I truly pray that attitudes such as these will change in the church.
That 2.6% seems like a low number, but I would think that is the diagnosed statistic, there are probably many more that have not sought treatment, yet. The church needs to learn that so many creative marvelous people have been bipolar. Spurgeon, the prince of preachers, would have diagnosed manic depressive.
I remember when I went for my cancer operation a group of Christians came to pray for me, and try to find the hidden sin in my life that made me sick. Whatever.
If hidden sin led to physical illness i would have died long ago, fortunately my Savior is more loving than His bride. My church has a lot more than 3% bipolar, does that say something about me? I have always found normal boring. I have told many people that I am not bipolar, I am just wierd, so far no pill for that.
I, too, thought the percentage was low – especially for bipolar II. It is so frequently misdiagnosed, though, that who knows what the real numbers are.
Amen on arguing against the sickness equals hidden sin stuff. It doesn’t take much to find a works righteousness attitude lurking underneath that. So many Christians find others objectionable just because they choose to sin differently than they do.
My explanation of choice, since I hit fifty, is that I used to be wierd, now I am a curmudgeon and an eccentric.
As of this date I too will define my over 50 self as a curmudgeon and an eccentric, however I have no doubt my adult children will continue to call me weird.
Found my way here from another blog and glad I did! Hello from another BPII/NOS minister who, being less brave and wise than you, never ‘came out’ to her former church. Thinkin’ I might come out to the next one, tho’. The “perfect pastor, perfect church” ministry didn’t work out so well.
So were just the same, my leader told me just yesterday that I just need a complete faith in God to be healed, well i have faith now that I just finished my encounter, but at times I still feel emptiness with no reason, she said God’s treatment is better than people’s treatment,I just don’t understand her, will God come here to talk to me out of this horrible state? Oh I’m Catholic by the way, and our Christian leader just invited me to her church. She said if I had enough faith in God I won’t feel this way.

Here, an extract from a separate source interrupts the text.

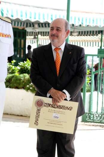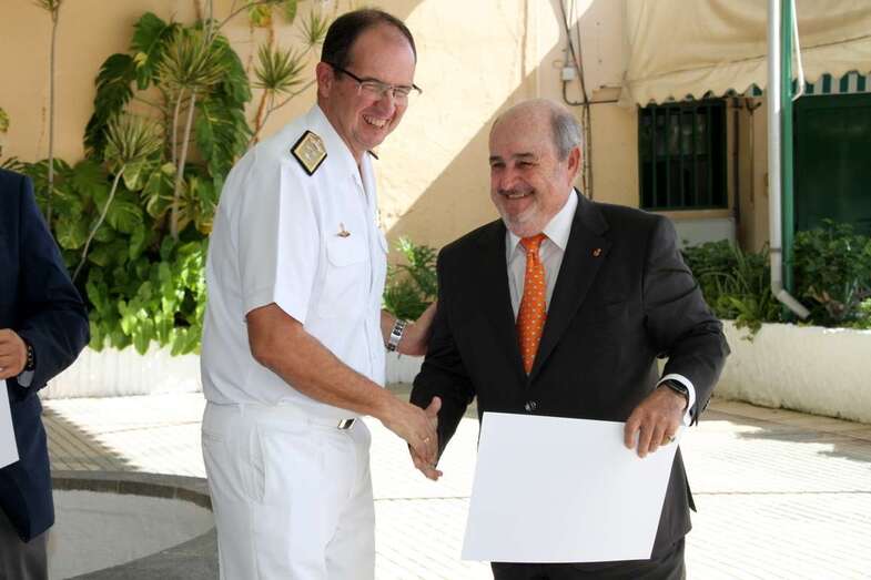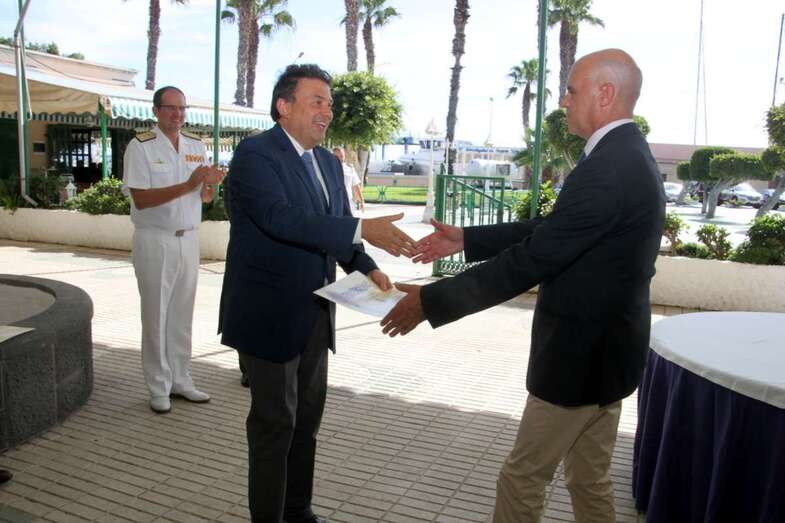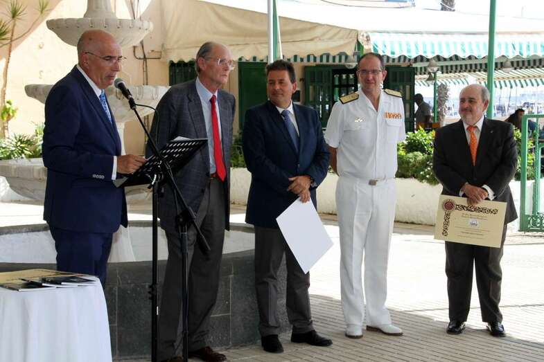 En primer lugar, a la empresa e Institución Pública siempre presente en las Jornadas Navales, Puertos de Las Palmas Autoridad Portuaria de Las Palmas. Diploma a Asoclub de Gran Canaria en la persona de su presidente don Juan José Benítez de Lugo, entrega el galardón el Almirante Jefe del Mando Naval de Canarias, Excmo. Sr. D. Pedro Luis de la Puente García-Ganges.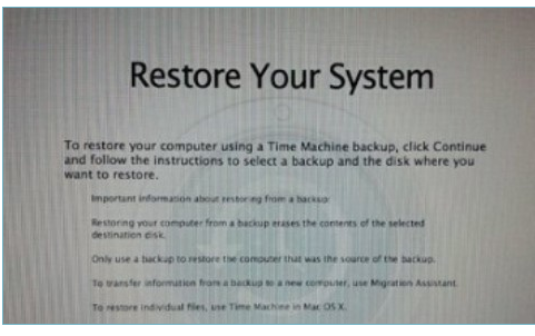 3、如果选择“Restore From Time Machine Backup”会出现如下界面,可以选择你以前备份到Time Machine 的映像文档恢复电脑,然后点击“continue”继续下一步的操作。

Mat, I really hate to say this but your Christian leader has a really simplistic and undeveloped theology. To say that you wouldn’t feel this way “if you had enough faith”, is to blame you for the physiological problem that you have. That is exactly the same as saying that Aunt Gertie got breast cancer because she didn’t have enough faith. It’s ludicrous! God created and creation is good. All creation, including modern medicine. Work with your doctors and find a Christian leader who will help you keep your faith intact while dealing with the issues in a sensible, mature, and modern, way.